> **Aim of the exercise**: Extract, exactly as written, each line from the start of the records below to the line containing "These earrings are", both ends included; drop the pictures.

> **Information supplied**:

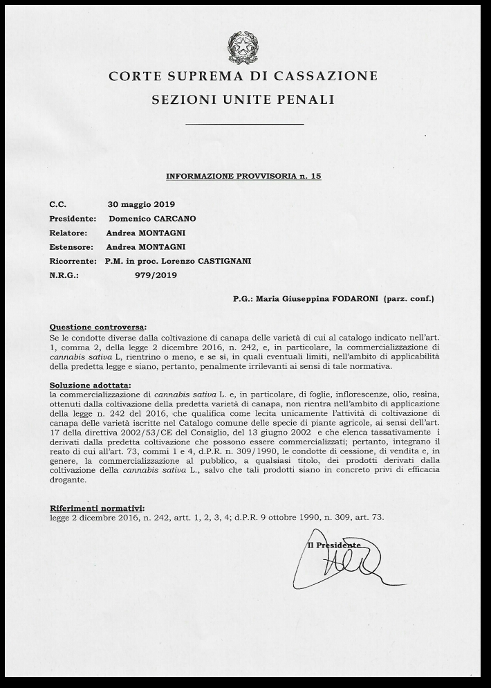 Malgrado le dichiarazioni di moltissime testate giornalistiche, la soluzione delle sezioni unite penali della Corte di Cassazione non determina a nostro parere la chiusura generalizzata dei negozi che offrono prodotti a base di canapa. Il testo della soluzione dice infatti chiaramente che la cessione, vendita e in genere la commercializzazione al pubblico di questi prodotti è reato “salvo che tali prodotti siano in concreto privi di efficacia drogante”. Per tanto la Cassazione ha ritenuto che condotte di cessione di derivati di canapa industriale privi di efficacia drogante NON rientra nel reato di cui all’art. 73 del T.U. Stupefacenti.
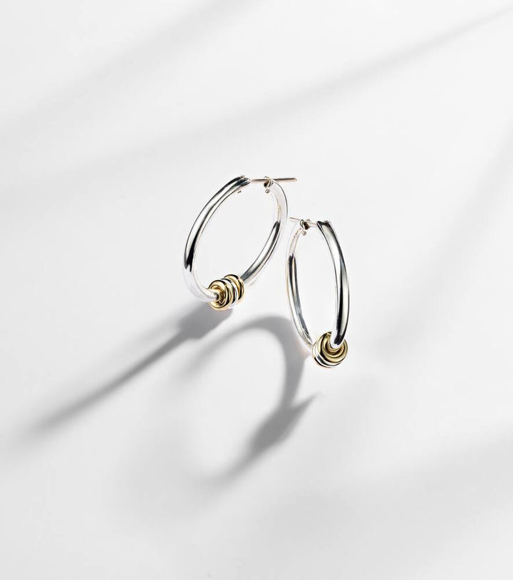 These earrings are made in the USA from sterling silver and 18kt yellow gold. They have a min width of 2 mm (0.1"), a max width of 5 mm (0.2"), and an inner diameter of 21 mm (0.85").
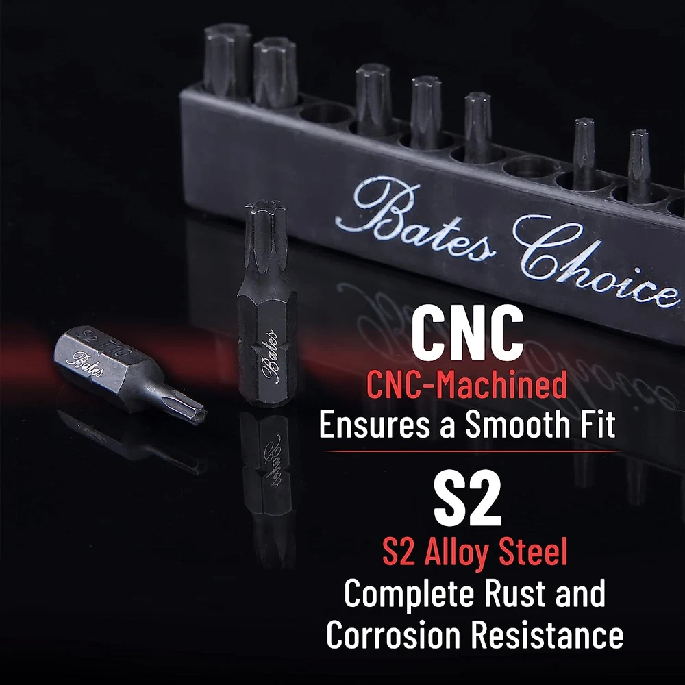 Store New Arrivals Add to Favorite View Feedback Contact Bates- Tamper Proof Torx Bit Set, 13 Pieces Set, T4-T40, Torx Set, Torx Security Bit Set, Security Torx Bit Set, Star Bits Set, Screwdriver Bit Sets, 1/4 Hex Bit Set, Torx Bits Set Description Manufacturer Bates Choice Style Torx Bit Set, 13 pcs, T4-T40 Finish Corrosion Resistance,Manganese Brand Bates Choice Material S2 Steel Country of Origin China Batteries Required? No Compatible Fastener Range 0.25 inches Drive System Torx Item Weight 2.89 ounces Batteries Included? No Number of Pieces 13 Finish Type Corrosion Resistance,Manganese Package Dimensions 4.53 x 1.85 x 0.55 inches Size One Size The set contains 13-piece 1/4-inch tamper proof torx bits, neatly stored in a convenient organizer sleeve. The sizes are printed in white on the organizer, enabling quick and easy recognition. Bates tamper proof torx bit set is made from industrial-grade S2 alloy steel, which undergoes hardening to minimize wear-outs. This ensures their longevity and durability even under heavy use. Each tamper proof torx bit is precision CNC-machined to provide a seamless fit and protect both the bit ends and the fasteners being worked on. To guarantee long-lasting performance, the star bits undergo an active manganese phosphate treatment, providing complete rust and corrosion resistance. This treatment enhances their durability and makes them suitable for use. The precision chamfer bit ends of the bits facilitate smooth insertion and engagement with fasteners. Additionally, the sizes are stamped directly on the bits for easy identification, and white printing on the storage organizer further aids in recognizing the correct size. The set contains 13-piece 1/4-inch tamper proof torx bits, neatly stored in a convenient organizer sleeve. The sizes are printed in white on the organizer, enabling quick and easy recognition. Bates tamper proof torx bit set is made from industrial-grade S2 alloy steel, which undergoes hardening to minimize wear-outs. This ensures their longevity and durability even under heavy use. Each tamper proof torx bit is precision CNC-machined to provide a seamless fit and protect both the bit ends and the fasteners being worked on. To guarantee long-lasting performance, the star bits undergo an active manganese phosphate treatment, providing complete rust and corrosion resistance. This treatment enhances their durability and makes them suitable for use. The precision chamfer bit ends of the bits facilitate smooth insertion and engagement with fasteners. Additionally, the sizes are stamped directly on the bits for easy identification, and white printing on the storage organizer further aids in recognizing the correct size. ABOUT US We offer the best prices around on high quality products. Our E-store includes media such as books, movies, music and games while offering electronics, toys, sporting apparel, clothing, tools, general home, garden items and more. SHIPPING We are always working hard to ensure your package arrives as soon as possible. Please understand that some factors like weather, high postal traffic, and the performance of shipping companies are outside of our control. We offer free shipping to the lower 48 states and ship within 2 business days of payment, usually sooner. We do not accept P.O. Boxes. Please provide a physical address. RETURNS We offer a 30-Day Return Policy on items which you are not completely satisfied with. You have the option for a full-refund or an exchange of the item. No returns are available on items shipped outside of the USA. PAYMENT We accept PayPal. CONTACT US This page content is yet to come Please ad us to your favorite seller and visit again later Thank You CUSTOMER SATISFACTION We try our very best to make sure every customer is completely satisfied. If there's a problem, message us! We're happy to help.
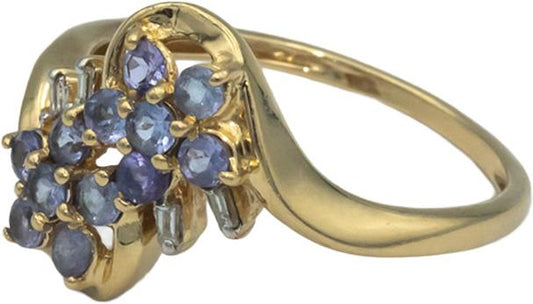 14k Yellow Gold Baguette Diamond and Round Tanzanite Cluster Ring 0.54CT Size 10
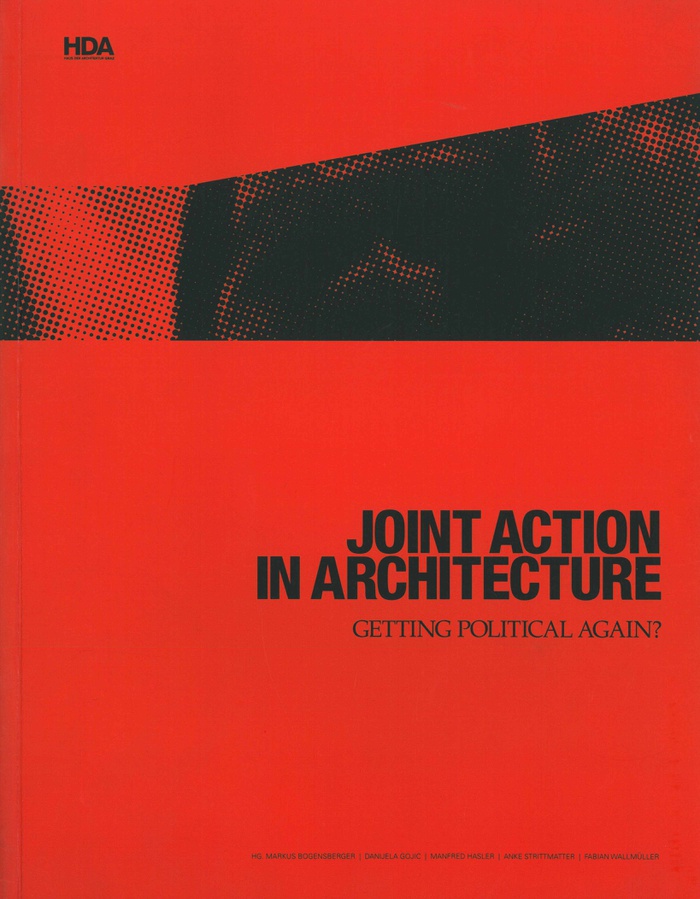 Architecture, when interpreted as the spatial expression of the existing power structure, has long been a political affair. All the more surprising then, that contemporary architects see their profession as largely apolitical. Architecture is reduced to a spatial art form – all too often, the result is introverted architecture that misses the bigger picture. Through “JOINT ACTION IN ARCHITECTURE – Getting political again?”, the current issue in the series HDA Dokumente zur Architektur, Haus der Architektur Graz lays out its position with regard to this political and moral crisis in architecture, arising as it has by anything but chance alongside the current economic crisis. Here a large number of guest contributors from the fields of architecture and architectural criticism, politics and finance, philosophy and ecology, along with dissidents, sketch out objectives that need to be pursued if architecture is again to become a relevant player in the shaping of our political and social framework.
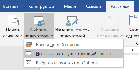 - С помощью команды Рассылки - Список получателей в документе Фамилия_Заготовка установить связь с документом Фамилия_Список.
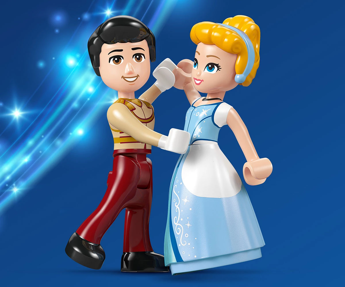 Функции на фантастична играчка за конструиране – поставете принцесата на Disney Пепеляшка и Чаровния принц на въртящия се под, за да могат да танцуват, или заменете сбруята на коня със седло или чанта;
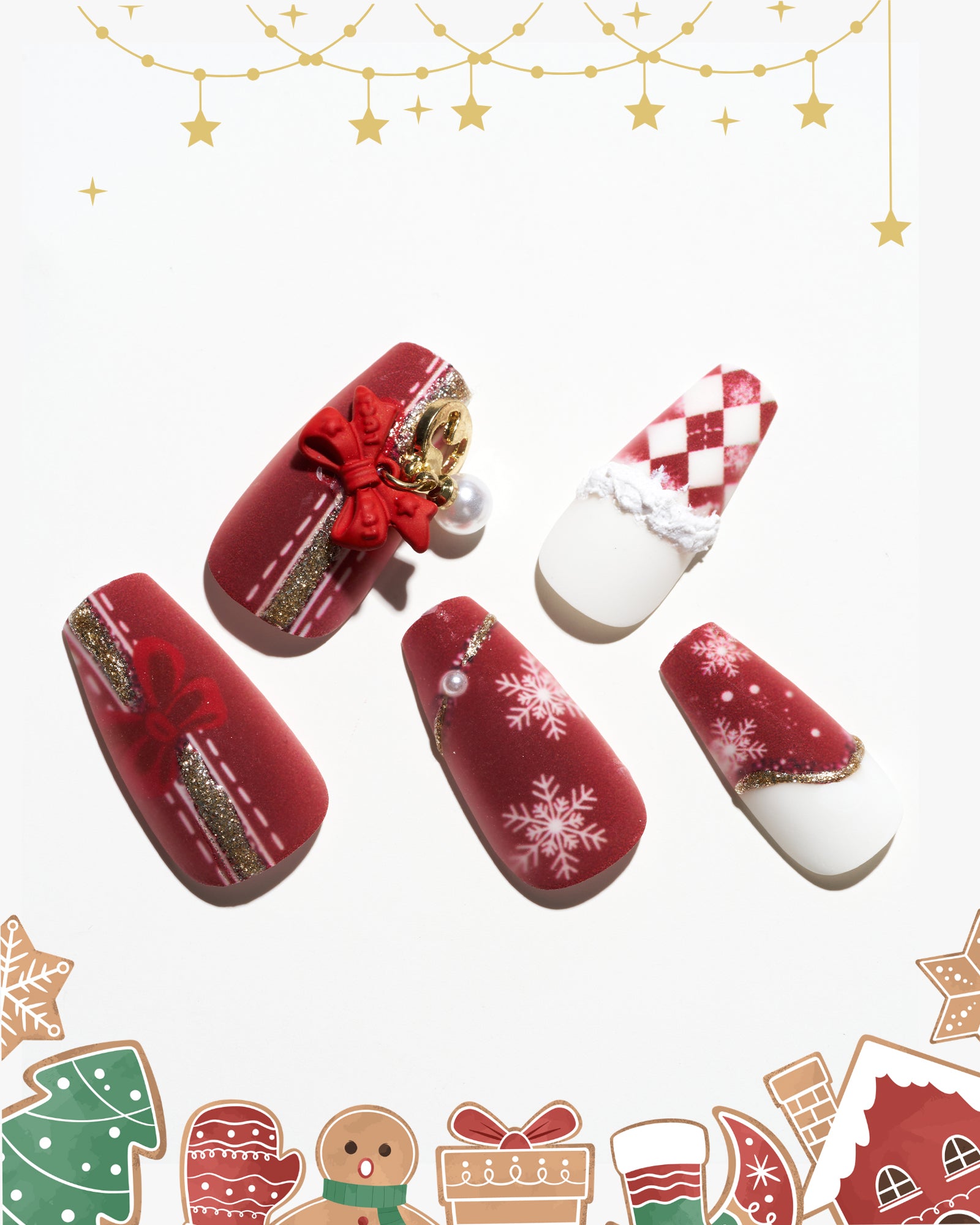 Snowflake Carpet (Handmade)|manicure|real nail gel|christmas|snowflake|pearl|red|white|matte|coffin|medium long|3D art|party – Glamermaid Glam
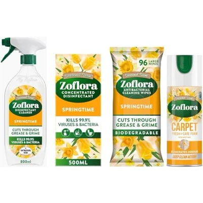 Zoflora Springtime Bundle Multipurpose Disinfectant Trigger Spray, 1 x 800ml, Concentrated Disinfected Liquid 500ml, Biodegradable Wipes & Fresh Carpet Freshener Care Foam 600ml (One of each)
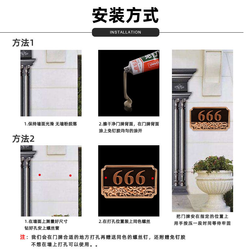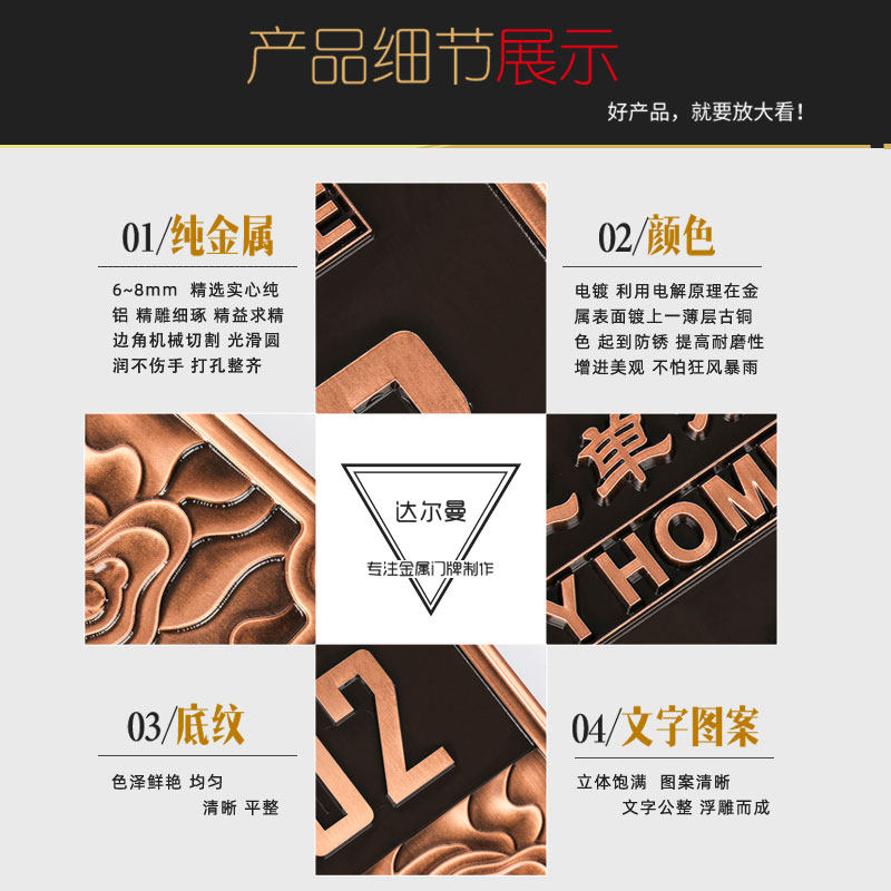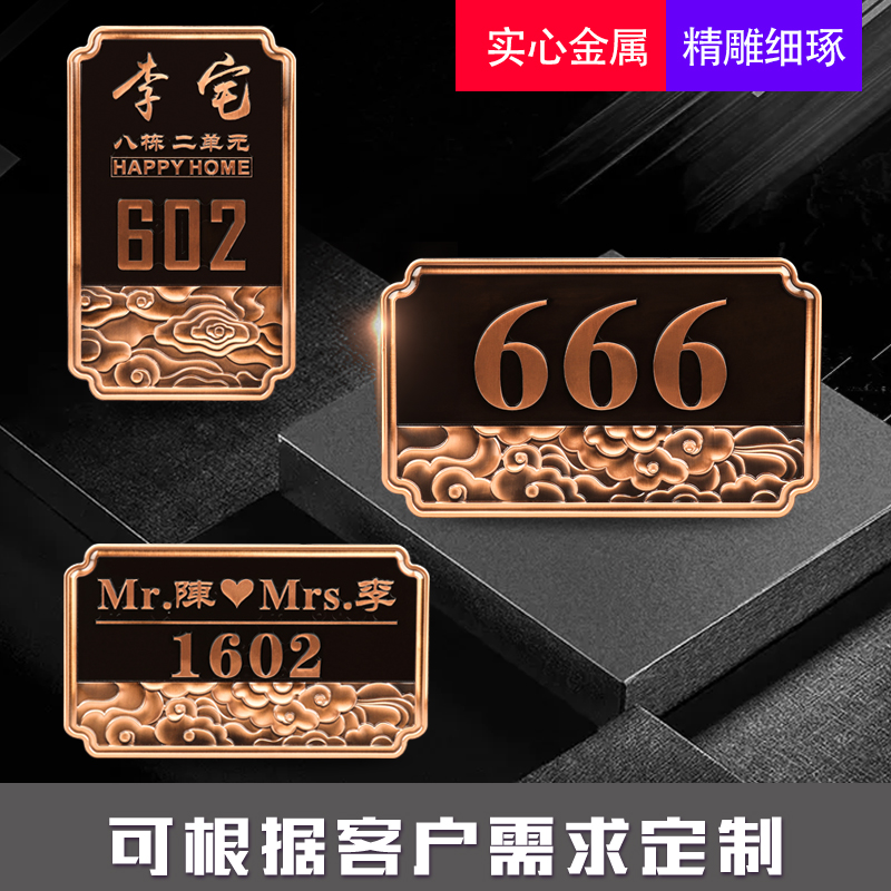 📚 金属高档别墅门牌家用住宅定制铝合金中欧式户外号码牌室外仿铜复古浮雕个性创意设计定做

> **Answer space**:
 Malgrado le dichiarazioni di moltissime testate giornalistiche, la soluzione delle sezioni unite penali della Corte di Cassazione non determina a nostro parere la chiusura generalizzata dei negozi che offrono prodotti a base di canapa. Il testo della soluzione dice infatti chiaramente che la cessione, vendita e in genere la commercializzazione al pubblico di questi prodotti è reato “salvo che tali prodotti siano in concreto privi di efficacia drogante”. Per tanto la Cassazione ha ritenuto che condotte di cessione di derivati di canapa industriale privi di efficacia drogante NON rientra nel reato di cui all’art. 73 del T.U. Stupefacenti.
 These earrings are made in the USA from sterling silver and 18kt yellow gold. They have a min width of 2 mm (0.1"), a max width of 5 mm (0.2"), and an inner diameter of 21 mm (0.85").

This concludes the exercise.